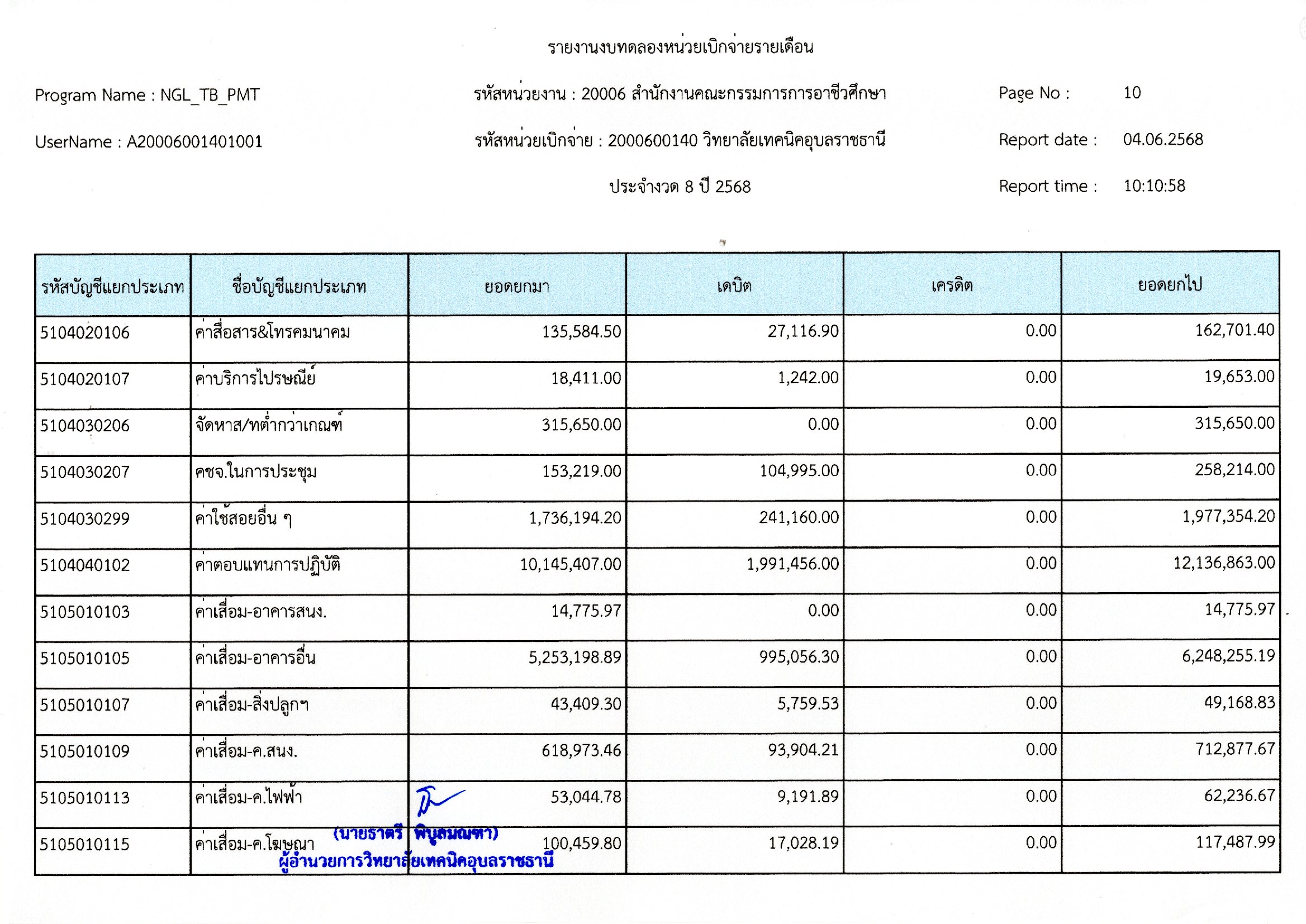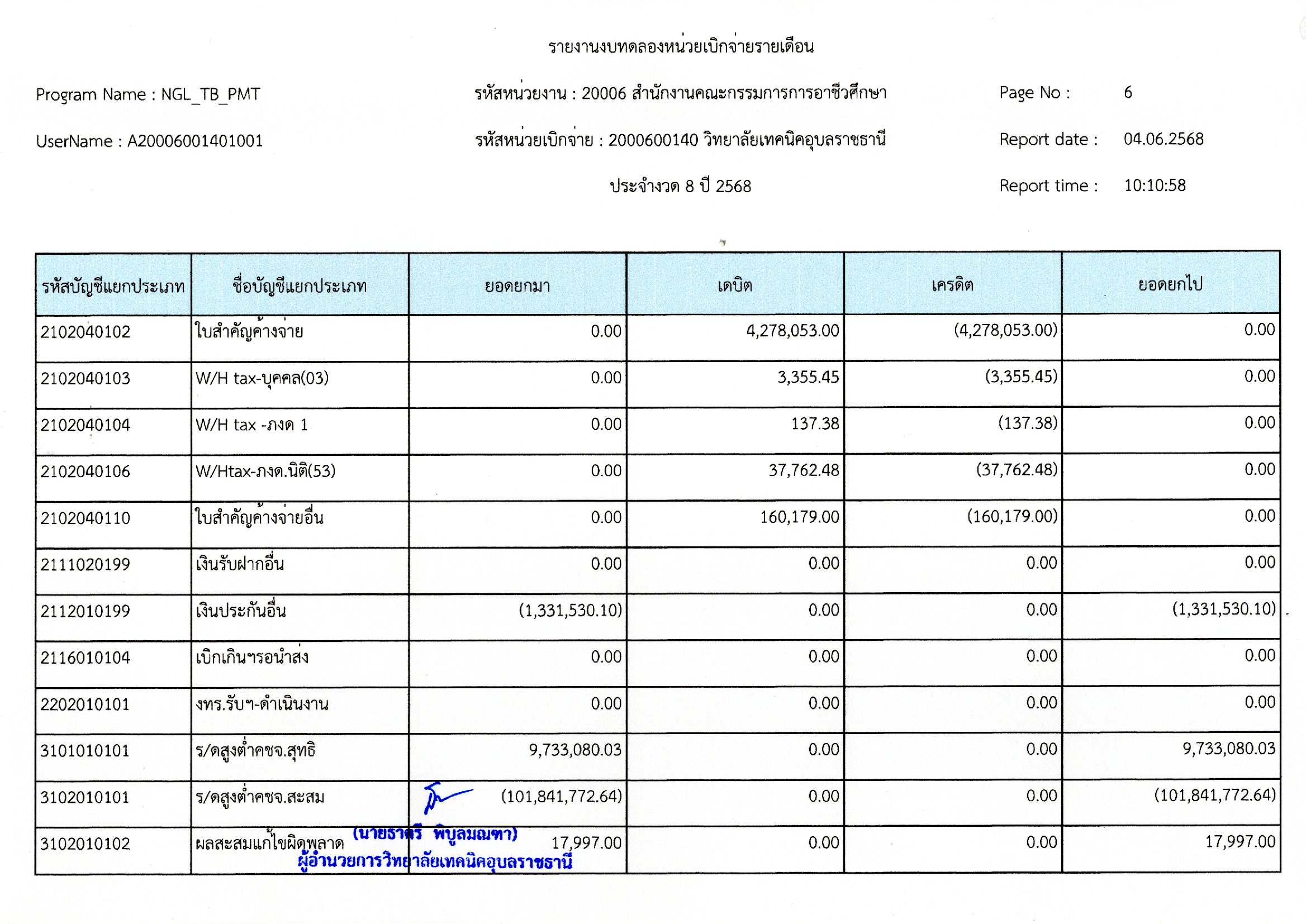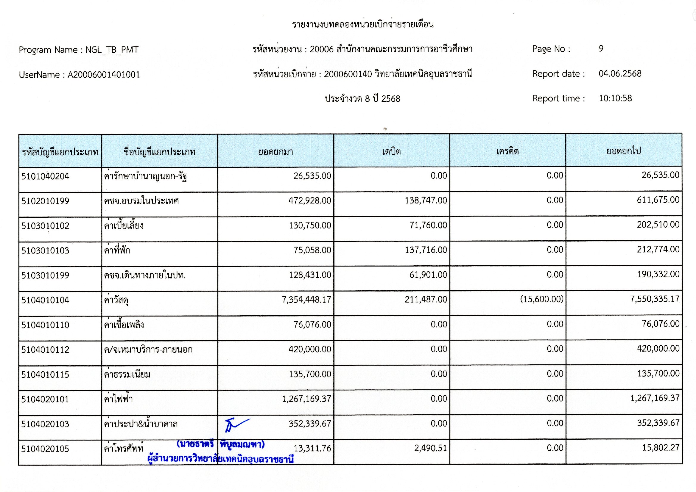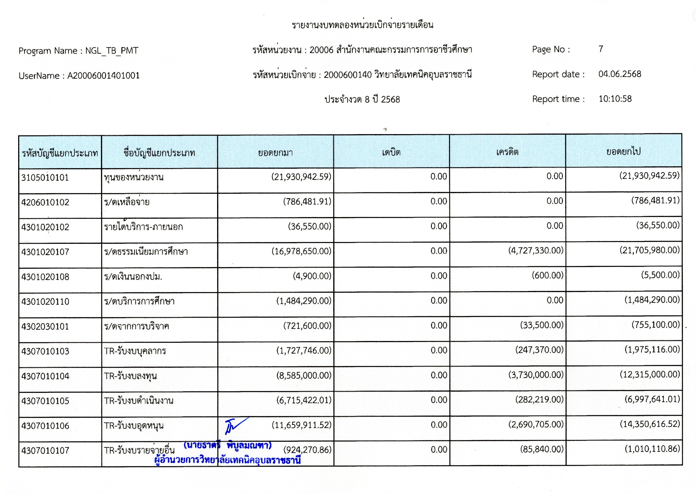 รายงานงบทดลองประจำเดือนพฤษภาคม 2568
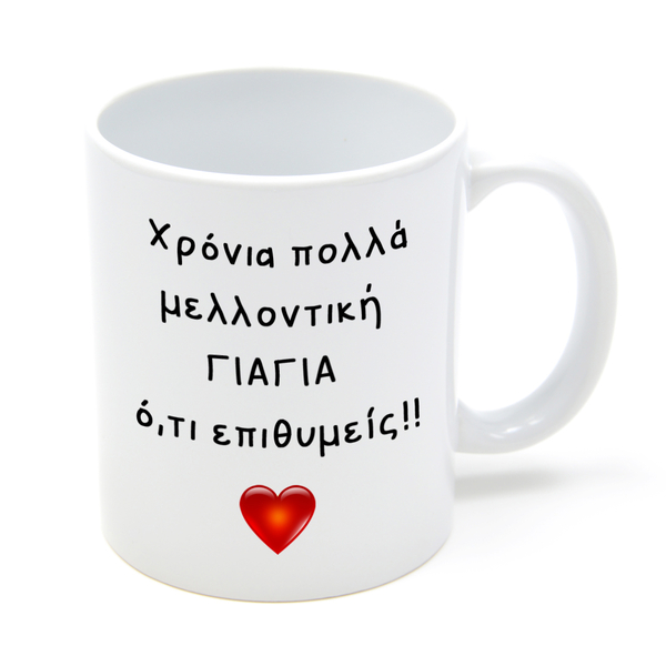 - Στην κούπα τυπώνετε την φωτογραφία σας από την μια όψη της και από την άλλη όψη της το σχέδιο Καλύτερη Νέα Γιαγιά που εσείς επιλέξατε.
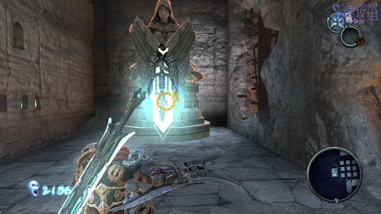 再次跳到洞里,一路来到图中这个有个被锁链绑住的石块的地方,打烂石块,获取新武器,飞刃。

> What you have to do:
Minus its pictures, the full listing should be copied verbatim.

> Task answer:
 รายงานงบทดลองประจำเดือนพฤษภาคม 2568
 - Στην κούπα τυπώνετε την φωτογραφία σας από την μια όψη της και από την άλλη όψη της το σχέδιο Καλύτερη Νέα Γιαγιά που εσείς επιλέξατε.
 再次跳到洞里,一路来到图中这个有个被锁链绑住的石块的地方,打烂石块,获取新武器,飞刃。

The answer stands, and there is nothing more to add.